### [Dataset content]
══════════

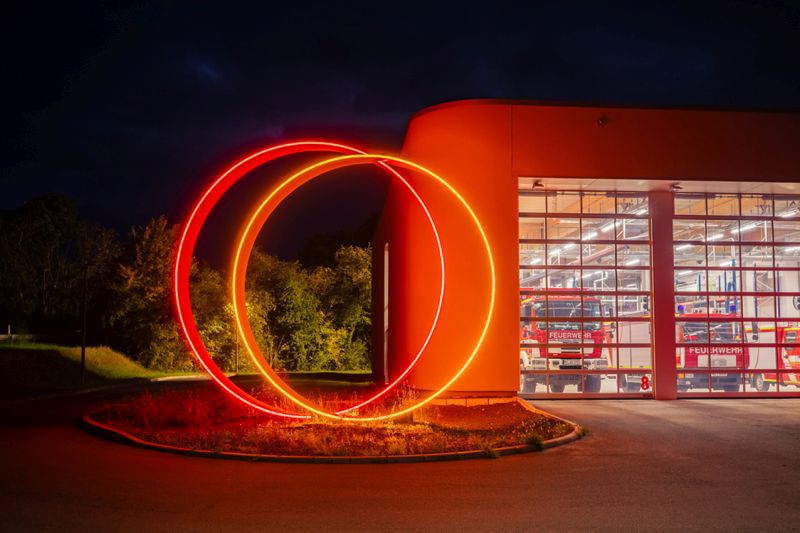 Mit der Skulptur „Feuerringe“ gewinnt die räumliche Situation an der Verbindungsstraße der beiden Ortsgemeinden und vor der Feuerwache, eine deutliche Markierung und einen weit sichtbaren, leuchtenden Blickfang.
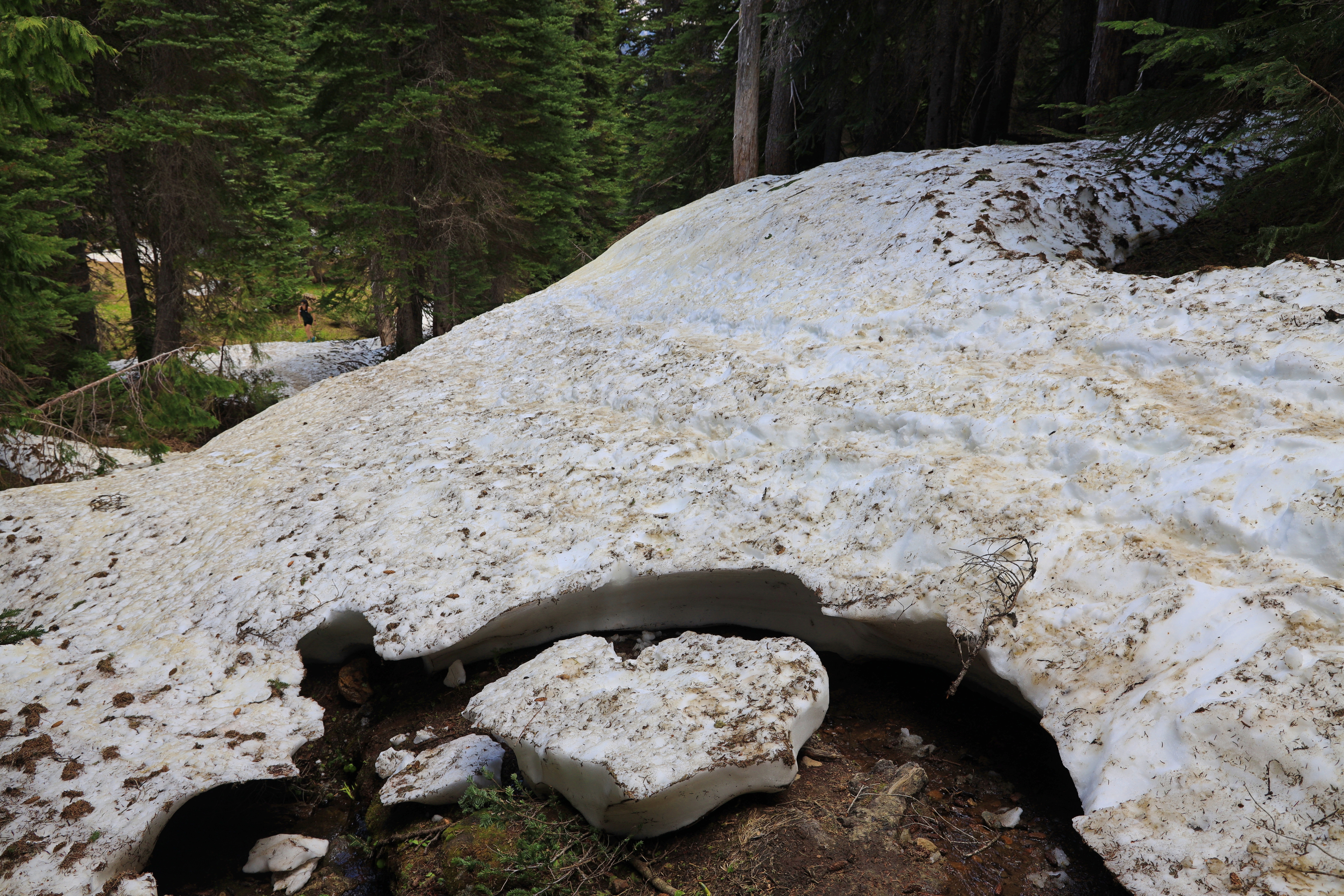 현재 (6월 말) 산 위쪽 (Sunrise)으로 가는 산악도로는 아직 막아 놓았고, 야영장 (White River Campground)으로 가는 도로는 열려있습니다. 아침 7시쯤 야영장 주차장에는 10여 대가 주차돼 있었습니다.
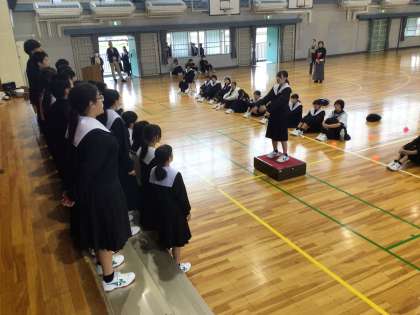 午後から文化祭のリハーサルを体育館で行いました。1年生の合唱のリハーサルの様子です。歌い終わったクラスは、他クラスの合唱を聴いていました。
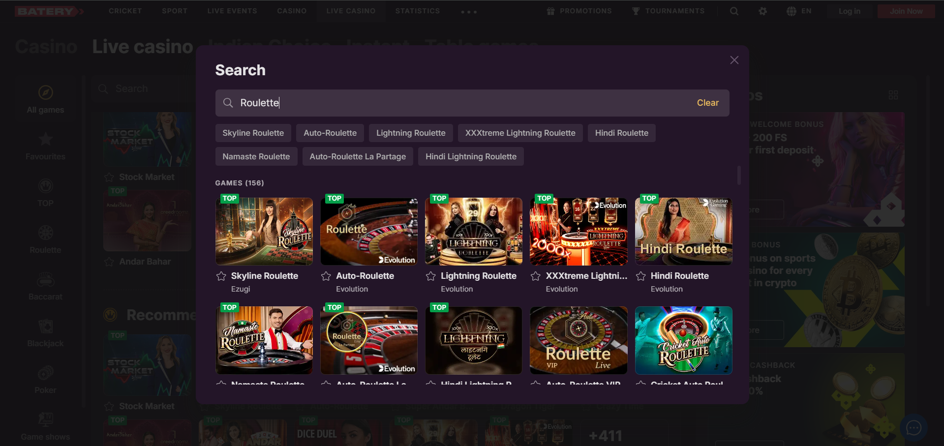 Batery bet has an amazing casino section that is different from the sportsbook. Players can find all sorts of casino games in the casino of Batery bet that they expect from the top bookmakers in India. Moreover, Batery Casino also provides generous rewards for the listed games. Also, Batery features a live casino for the players.

══════════

### [Instructions to follow]
Print nothing except the lines from the one with "午後から文化祭のリハーサルを" through the last line of the listing, exactly as written and with pictures removed.

### [Task answer]
 午後から文化祭のリハーサルを体育館で行いました。1年生の合唱のリハーサルの様子です。歌い終わったクラスは、他クラスの合唱を聴いていました。
 Batery bet has an amazing casino section that is different from the sportsbook. Players can find all sorts of casino games in the casino of Batery bet that they expect from the top bookmakers in India. Moreover, Batery Casino also provides generous rewards for the listed games. Also, Batery features a live casino for the players.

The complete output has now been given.